Scroll through the screen below to see the original design to be improved upon.

Macbook
Sainsbury's webpage

Tap, then scroll to view

Scroll to view

Research

Research was gathered and formatted in a presentation style to distribute to key stakeholders involved in the project. Research was conducted on the original design of the screen and then usability testing was conducted on every iteration of the design to understand the points of the journey a user might stumble or stop and whether there were any pain points.

Usability test
Research

Process

During the initial stages of the design process I kept the iterations in the old design language of Sainsbury’s Bank (plum coloured CTA’s and beige background with thin fonts) to keep development costs down and avoid a full redesign. Throughout the user testing however, participants commented on the old style of design and how it didn’t match the bank’s website. After consideration with the relevant stakeholders, we agreed the best way forward was to update the design language and in doing so, many of the old components could be updated or swapped out with more appropriate components that existed in the newer design kit.

Another flaw of the original journey was the length of the content.

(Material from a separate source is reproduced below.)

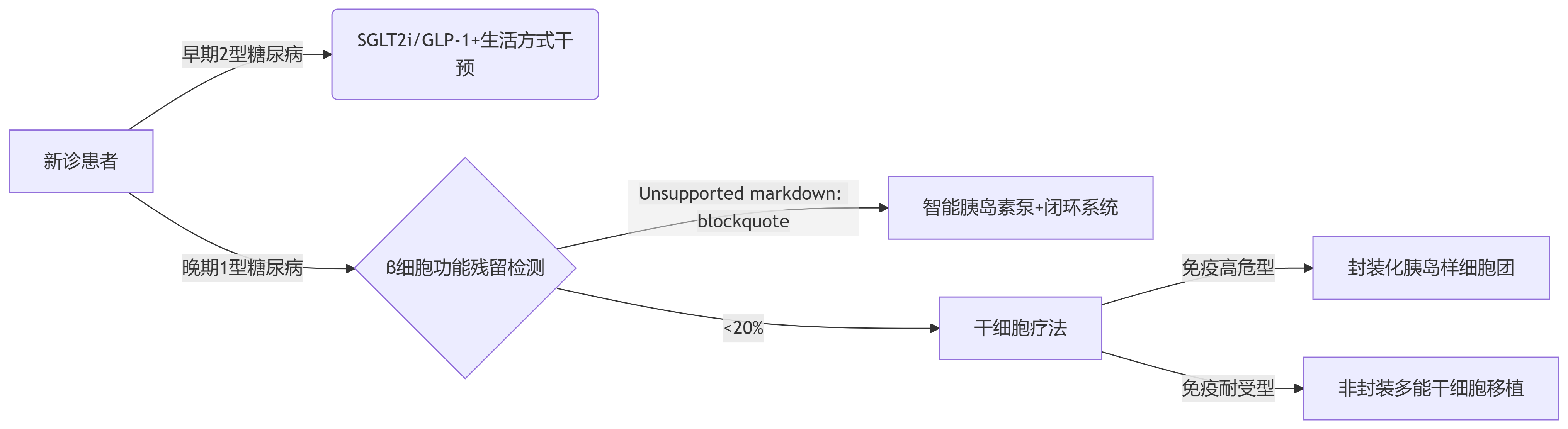 | 干細(xì)胞療法 | 分化干細(xì)胞為功能性β細(xì)胞或調(diào)節(jié)免疫 | 重建胰腺功能,實現(xiàn)血糖自主調(diào)節(jié) | 臨床研究階段(II/III期) |

User’s were struggling to navigate through the long, single page design and found the number of questions too high. The solution here was to split the page in to two more managable pages - quote (plus important information) on the first, and buy (add-ons) on the second. The order of some of the content was switched around to conform with regulations set by the Compliance and Information Security teams in the bank.

Below is the initial redesign in the old design language, split into quote and buy screens respectively.

Sainsbury's webpage

Latest Iteration

Later iterations of the journey in the updated design language gave better results in user testing and had a significant rise in task completion through the prototype.

Below is the latest iteration both split over two pages and in the new design language.

Switch components have been tested as a method of upgrading the policy with add-ons. This is to combat the issue in the original design where the user had 2 clicks to add an extra on their policy - "Add" followed by "Update price".